Liberty Lioness's Den

1st Amendment designed for unpopular speech

Published by LibertyLioness137 points  on 2014-09-14

In the Wall Street Journal Letters to the Editor we often find nuggets of brilliance from "people on the ground"..

On Sept. 12, 2014 they were responding to Greg Lukianoff's WSJ 9-9-14 op-ed article entitled "Free Speech at Berkeley - So Long as It's Civil".

Quotes from Responses to the article :

 Mark A. Klapperich of Dacusville, S.C. "...The First Amendment was designed to protect unpopular speech no matter how disagreeable it may be.  Popular speech needs no such protection; it's already endorsed by the majority, which, based on the message (consider Nazi Germany) can be more virulent than the feared speech."

Jeff Adams of Atlanta noted, "(UC Berkeley) Chancellor Nicholas Dirks cautioned that free expression of ideas can divide and undermine a community's foundation. (He) added that, 'we can only exercise our right to free speech insofar as we feel safe and respected in doing so.'...freedoms that are circumscribed by any adjectives (such as "civil")...are tenuous and subject to the whims of those who hold communal power..."Uncivil" on most campuses is code for not-progressive..."

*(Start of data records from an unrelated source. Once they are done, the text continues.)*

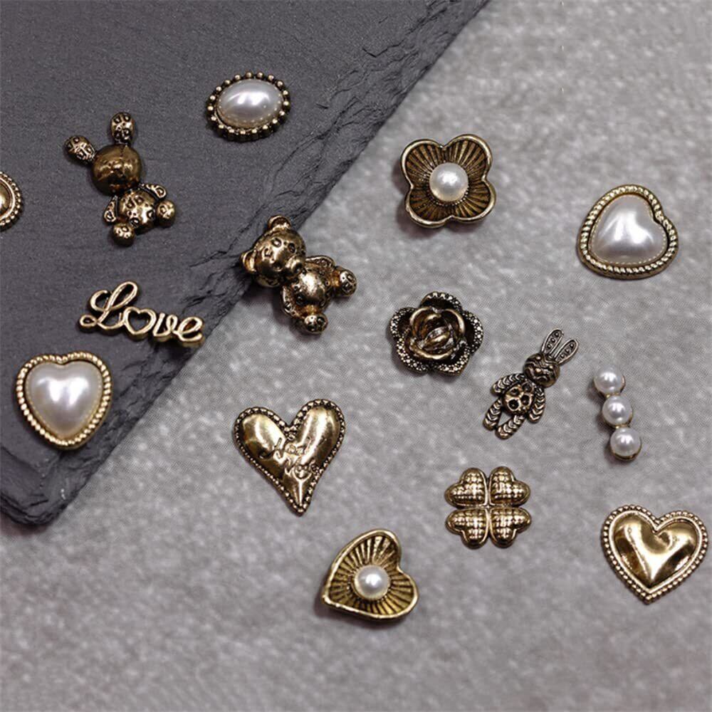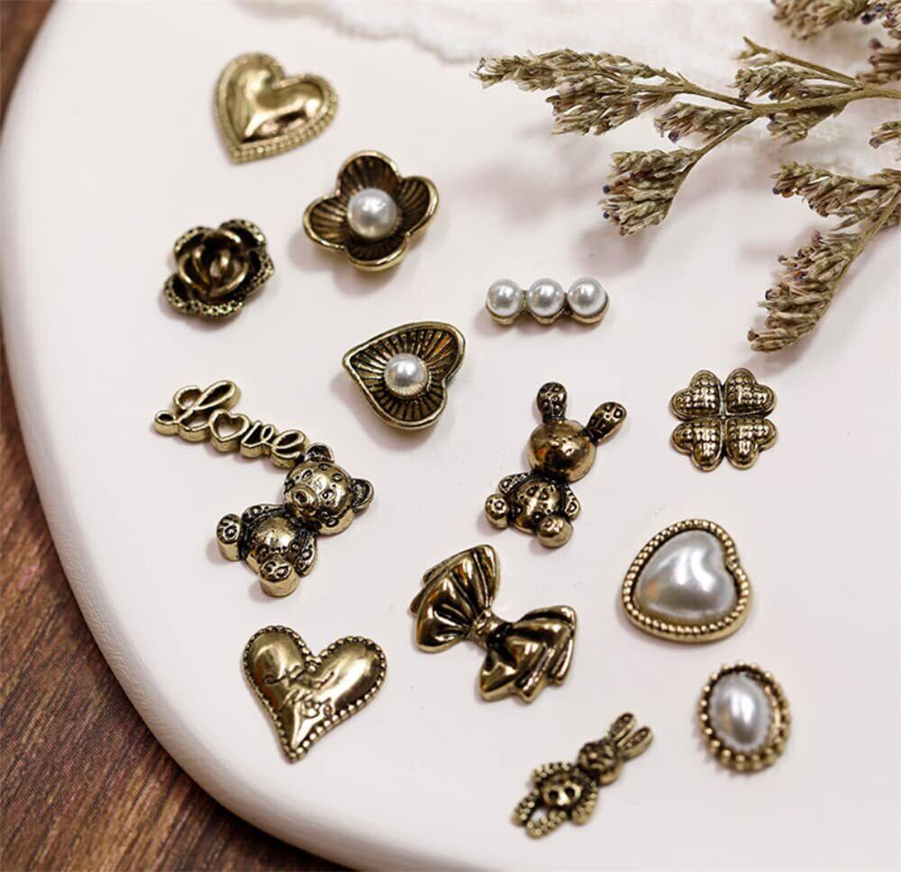 DUOLEIMI ネイルパーツ パール メタルパーツ 3D ネイルデザイン パーツ アクセサリー 合金 リボン レトロ風 18PCS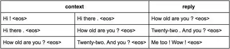 在深入探讨之前,我们首先需要聊聊对话数据集的表现形式。以下提到的全部模型皆进行配对训练(情境与回复)。其中的情景表现为回复之前的数个句子(也可能是单个句子)。该语句被视为从词汇中所获得的一条标记序列。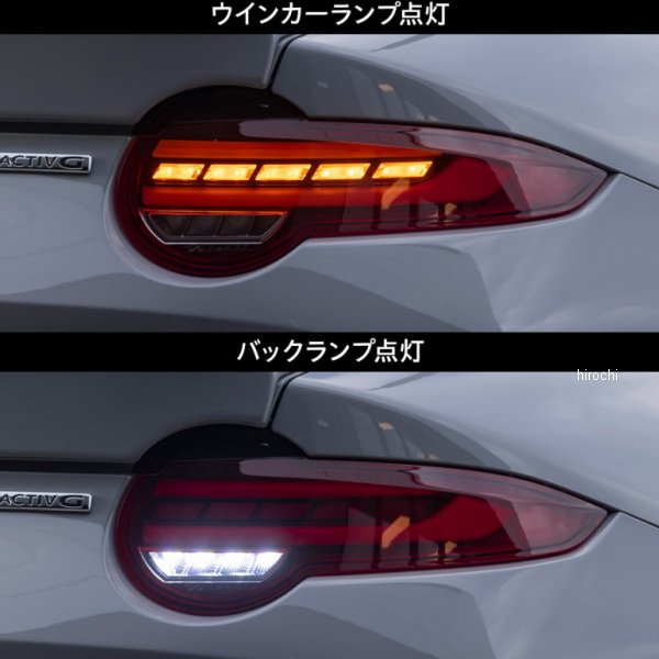 TMNDRU-SB-2 ヴァレンティ VALENTI LEDテールランプ ULTRAマツダ ロードスター/ロードスターRF 型式:ND5RE/NDERE 年式:2024.1~ 注意:OEA機能接続時、社外セキュリティ装着車は正常に動作しない可能性があります。カラー:ライトスモーク/ブラッククローム■シーケンシャルウインカー(流れるウインカー)採用! 法改正により日本国内でも保安基準適合となった「シーケンシャルウインカー」を採用! もちろん保安基準にも適合となり、テールランプ本体裏側の配線接続方法で「流れる」「流れない」の設定も簡単に変更可能。 ■両側合計 148LED & 4LEDライトバーを採用! 3D形状のLEDライトバーによるポジションランプ点灯が幻想的なリアビューを演出し、後続車の目を釘付けにします。 ポジション/ブレーキ、ウインカー、バックランプの全てに高輝度LEDを採用したオールLEDモデル。 インナーレンズを採用し、直接LEDチップが見えない仕様としたことで消灯状態でもスタイリッシュな印象に。 ■ボディカラーやお好みに合わせて選べる、2色のカラーバリエーション! ○レッドレンズ/グロスブラック ○ライトスモーク/ブラッククローム 付属のガーニッシュ部分はお好みに応じてボディカラーなどに塗装することが可能です。ガーニッシュ色:樹脂素地(黒色) ■ハイフラッシュ制御回路内蔵! ハイフラッシュ制御回路をテール本体に内蔵、ハイフラッシュ現象の心配もなし!取り付けは純正カプラーを使用するカプラーオンタイプです。 ■保安基準適合・1年保証 Eマーク取得済み。保安基準適合製品です。 欧州車などのテールランプにも搭載されている機能で、ロック時またはアンロック時にテールランプがモーション点灯をします。 注目度抜群の機能で周囲の視線を惹きつけます。※機能の動作には常時電源、イグニッション電源への接続が必要です。 OEA機能の動作には常時電源、イグニッション電源への接続が必要です。《標準作業時間 3.5時間》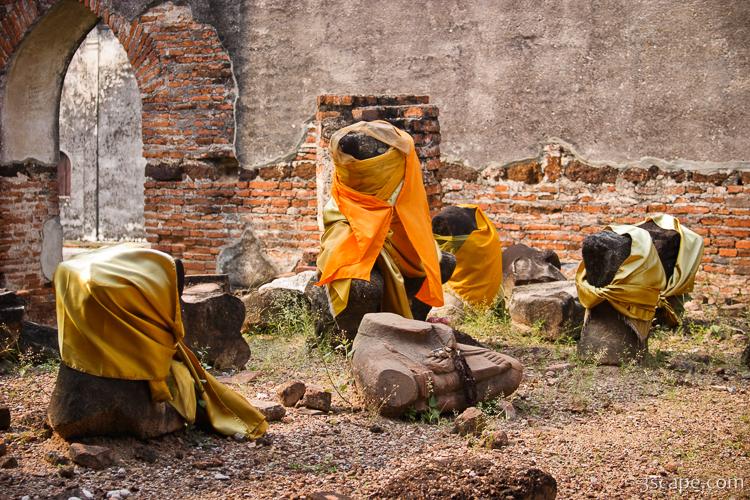 Picture of Ruins of sacred Buddha statues, Wat Phrasrirattanamahathat in gallery Lop Buri.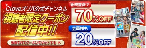 cloveオリパ公式youtubeでは、新規登録者にポイント70%オフで購入できるクーポンコードを配布しています。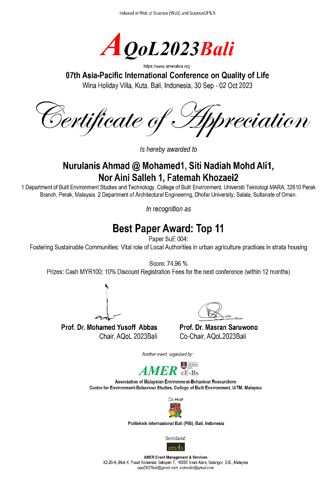 وقد أشاد المؤتمر، الذي نظمته رابطة الباحثين الماليزيين في مجال البيئة والسلوك، بالجهود التعاونية التي بذلها مؤلفو الورقة المكون من نورولانيس أحمد، وستي نادية محمد علي، ونور عيني صالح، من قسم دراسات البيئة المبنية والتكنولوجيا في جامعة مارا التكنولوجية، ماليزيا، وفاطمة خزاعي من قسم الهندسة المعمارية في جامعة ظفار، عمان. والذين أسفرت جهودهم المشتركة عن ورقة تؤكد الدور المحوري للسلطات المحلية في تطوير ممارسات الزراعة الحضرية داخل المجمعات السكنية متعددة الأسر.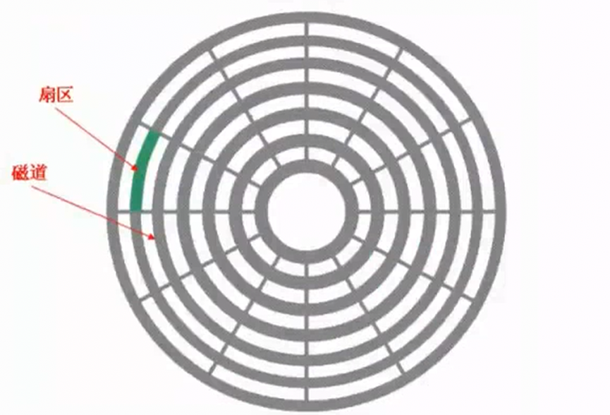 一圈为一个磁道,一个磁道上有多个扇区。一个盘片有两面,正反两面都可以存储数据。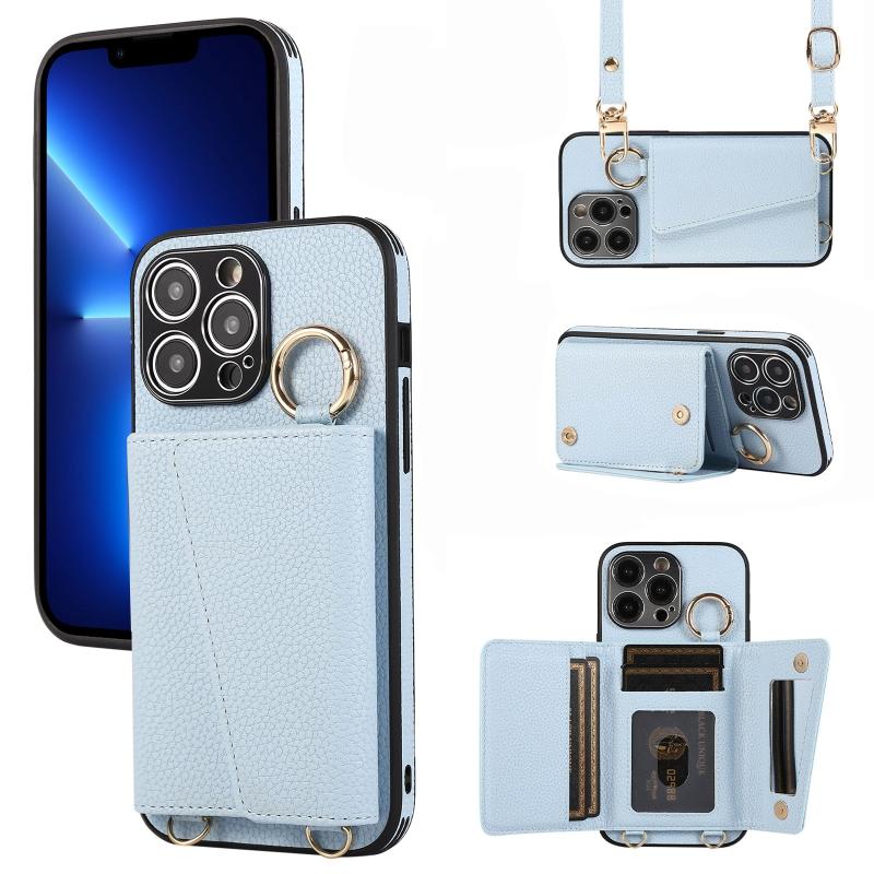 Θήκη κινητού τηλεφώνου για iPhone 13 Pro, δερμάτινη θήκη πλάτης με δακτύλιο και θήκη για κάρτες (Μπλε)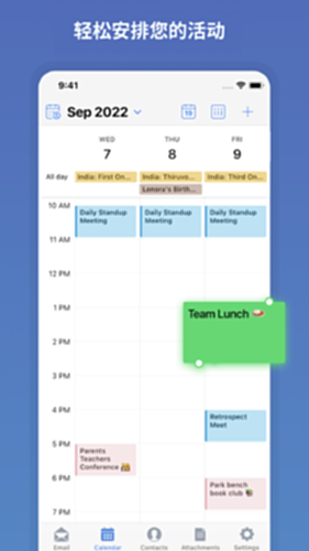 - 轻松安排日程,查看/编辑活动,可设置提醒。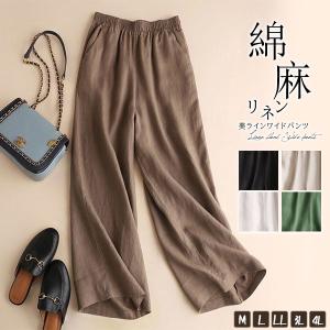 綿麻パンツ レディース ボトムス 接触冷感 ワイドパンツ 大きいサイズ パンツ 綿麻風 リネンパンツ コットン シンプル おしゃれ 着痩せ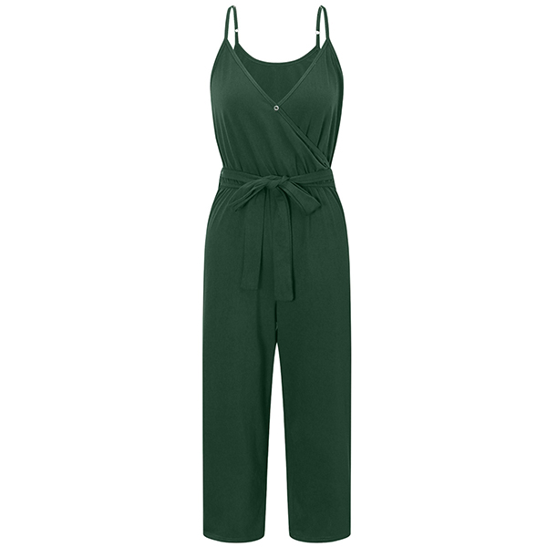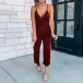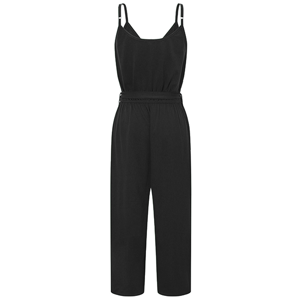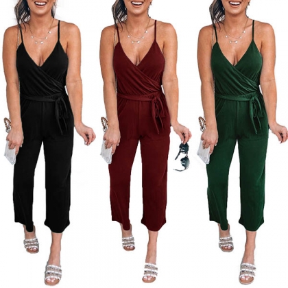 Sexy Backless V-neck High Waist Solid Color Sling Jumpsuit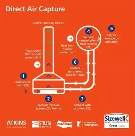 英国塞兹韦尔核电站(Sizewell C)公司与诺丁汉大学、Strata Technology、Atkins和Doosan Babcock等公司的顶尖工程师和碳捕获专家合作,研发由核电站提供动力直接空气捕获(Direct Air Capture ,DAC)示范项目,获得了政府“净零创新投资计划”的资助。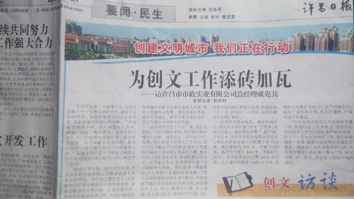 市政行業(yè)是一個(gè)特殊行業(yè),在創(chuàng)文迎檢工作中有著重要的地位。城市市政設(shè)施建設(shè),直接影響著市民的生活質(zhì)量,也影響著文明城市的創(chuàng)建?!霸趧?chuàng)建文明城市中,我們本著以人為本、造福于民這一根本要求,把市民的肯定作為工作成果的衡量標(biāo)準(zhǔn),發(fā)揚(yáng)吃苦耐勞、樂(lè)于奉獻(xiàn)的優(yōu)良傳統(tǒng),把自己當(dāng)作一滴水融入創(chuàng)文工作的海洋之中?!庇浾卟稍L許昌市市政實(shí)業(yè)有限公司總經(jīng)理成克其時(shí),他用一個(gè)比喻拉開(kāi)了話題。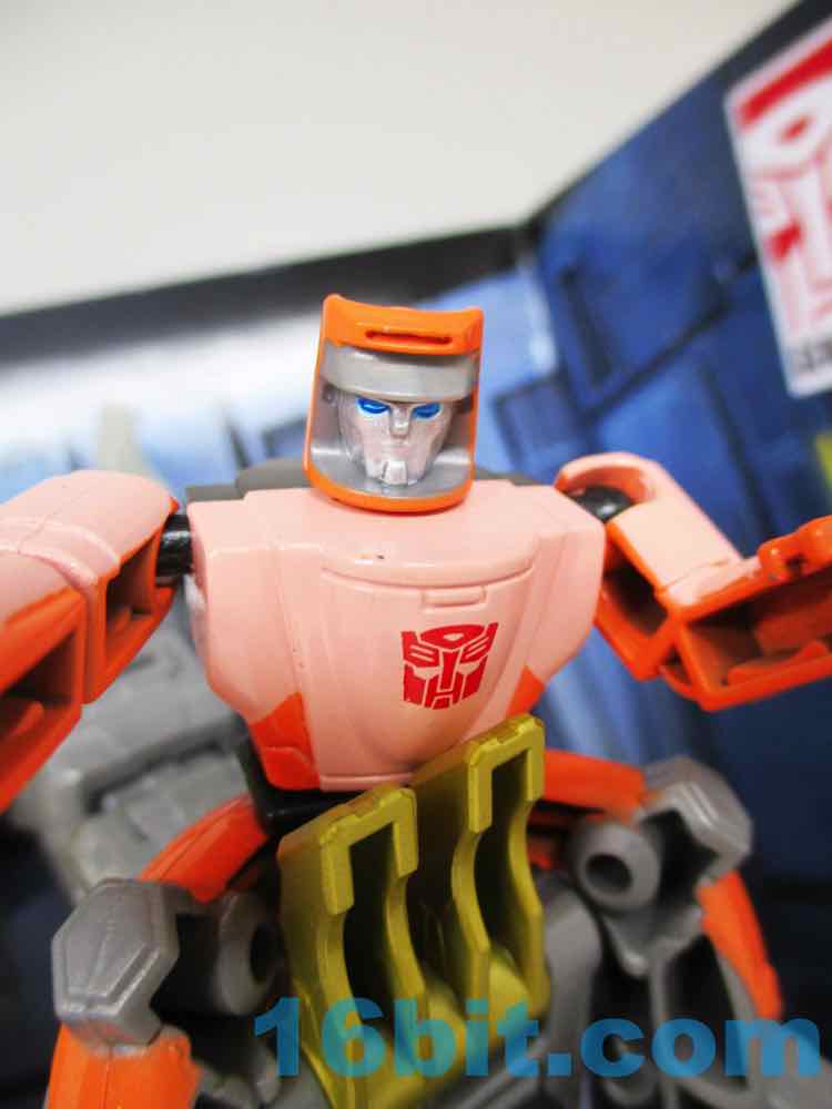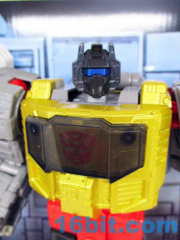 Unlike his Studio siblings, he has 5mm ports all over his arms and legs - this makes me wonder if the design was, at one point, meant for Earthrise or another War for Cybertron line. The silhouette is pretty close to the animation model, and this chunky 8-inch robot has 22 meaningful points of articulation with such niceties as rotating wrists and tilting ankles. You can see painted stripes to resemble the toy's labels, but that opaque window on the chest completely obfuscates the Autobot symbol. It's screwed on so you can replace it if someone makes a good third party kit piece. I have yet to buy a third-party upgrade but this might make me break that streak. There's really no reason for it to not be correct, early test shots had this piece - and seemingly the dino neck - in clear plastic.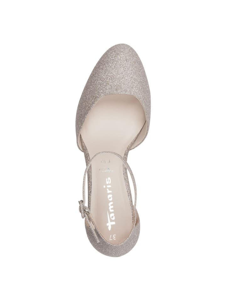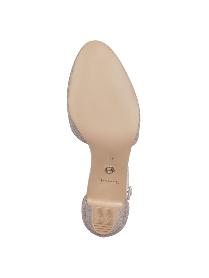 Создайте стильный образ для праздничного мероприятия в этих элегантных туфлях-лодочках, выполненных из привлекательного сочетания материалов и украшенных мерцающей отделкой. Их классический дизайн в нежных оттенках, таких как белый и розовое золото, гармонично впишется в любой гардероб, добавив нотку женственности. Прочный блочный каблук высотой 6 см обеспечивает комфорт, а модные ремешки с пряжками обязательно привлекут внимание. Идеально подходит для свадеб и вечерних мероприятий.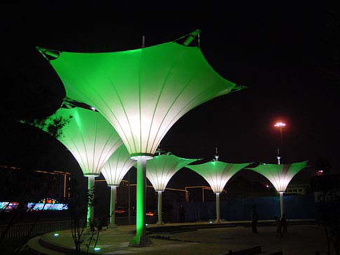 景觀膜結構又稱張拉膜景觀,主要通過膜結構的張拉式 呈現出唯美的結構特征;膜材料是指聚酯纖維基布或PVDF、PVF、PTFE等不同的表面涂層,配以優質的PVC組成的具有穩定的形態,并可承受一定載荷的建筑紡織品。它的壽命因不同的表面涂層而異,一般可達成10-20年;其外觀整潔大方,自潔性強。主要應用于各大公園,世博園,和一些廣場,商場等場所。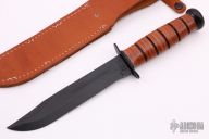This KA-BAR USMC Fighting Knife has a carbon steel black clip point blade, marked "KA-BAR/ Olean, N.Y. USMC", and steel double guard. Blade stock is .174", depth 1.233". Handle is stacked leather with a 3/8" pinned butt cap. Excellent condition. Includes original box, papers and brown leather sheath with belt loop.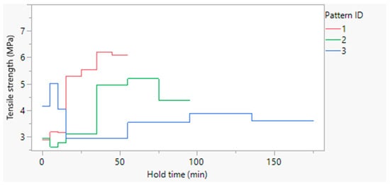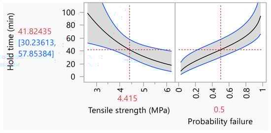 As shown in Figure 7, increasing the hold time at which the unit is subjected to stress, caused a decrease at the tensile strength, and therefore, an increase in the probability of failure. A 50% probability of failure of the units is reached when the tensile strength is 4.415 MPa for a hold time of 41.8 min.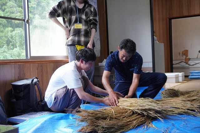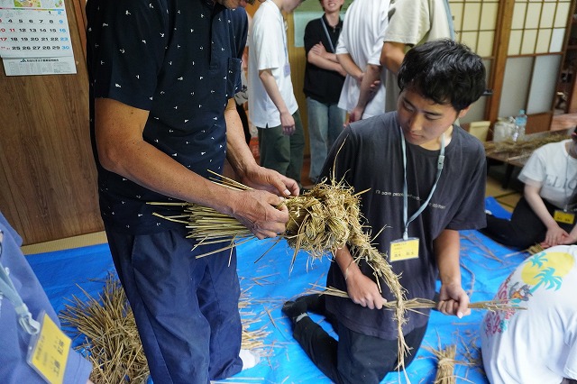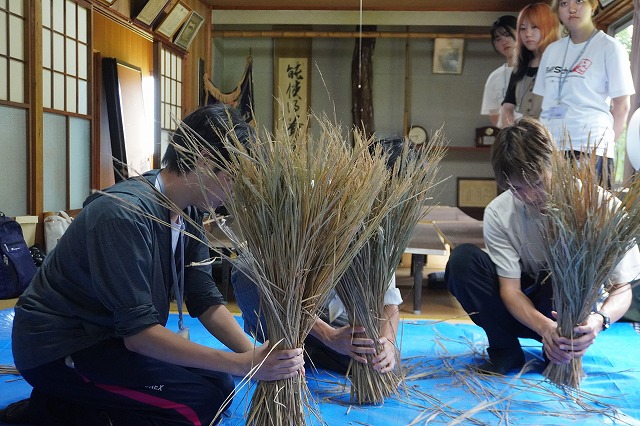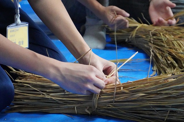 鎌田会長の指導を受け、藁を編んでいく学生たち。もしかして藁にさえ触れたことのない学生さんが、ほぼ皆さん初体験のケラ編みを真剣に取り組んでいました。会長の指導も分かりやすかったのか、初めてでもなんとか完成にこぎつけましたよ。童心に返ったように、無邪気な様子で藁を編んでいく学生たちがとても印象的でした。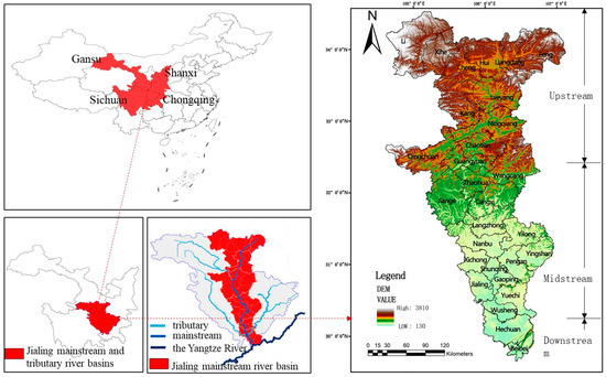 The Jialing River Basin exhibits complex and diverse topography, characterized by higher elevations in the northern, western, and eastern regions, with a gradual decline toward the southeast. Geomorphologically, it can be categorized into three zones: the northern mid-mountain area, central low-mountain hilly region, and southern parallel ridge-valley terrain. The basin experiences a subtropical monsoon climate with distinct seasons, featuring a multi-year average temperature of 11–18 °C. Annual humidity progressively increases from the upper to lower reaches, notably peaking between September and December. Precipitation typically exceeds 1000 mm annually, with the most abundant rainfall occurring from June to October, reflecting its distinctive “autumn rain-dominated” hydrological regime. As one of the most socioeconomically developed and rapidly urbanizing mountainous watersheds in Southwest China, the Jialing River Basin exhibits typical characteristics of ecological vulnerability, high disturbance sensitivity, and low resilience capacity [42].

Jon Oelrich of Pflugerville, Texas wrote: "Can we even imagine Tom Paine, Frederick Douglas, Susan B. Anthony, Cesar Chavez, or Martin Luther Kin Jr. believing that "we can only exercise our right to free speech insofar as we feel safe and respected in doing so?" Of course not - it's when we feel unsafe and disrespected that the exercise of free speech is most effective, and even obligatory.  Those who would only speak out when comfortable do not merit the privilege."

 Zoltan Trizna of Austin Texas contributes this:
"Mr. Lukianoff's article reminds me of a standard joke I grew up with under communism:  'We have free speech - we can say whatever is allowed.' "

And Bob Schafer of Lincolnshire, Ill. wrote, "(Many years ago)...the Cal administration was looking to keep coarse and vulgar language out of the debate to stimulate the issues, not the delivery.  They actually expected students to display their education, not their sense of shock value."

OK, so-five men. And the women who defend the 1st would be  - where? (besides on the cutting floor of the WSJ editor's office..) EVERYWHERE, that's where. These people just gave voice to what a HUGE majority of Americans feel- I sincerely hope.  Viva Political INCORRECTNESS*** (Note: I never advocate crass language or unfounded character assassination, which seem to be the main modus of many "interventionists" (don't like to call them "progressive", because that word obviously has positive connotations...)  Still, I totally advocate their freedom to (verbally) assassinate away- within public decency parameters (meaning obscenities).  Just like I advocate the right of intelligent people to deflect such barbs with sharp arrows of truth and even opinion, especially while being ridiculed and demonized for it.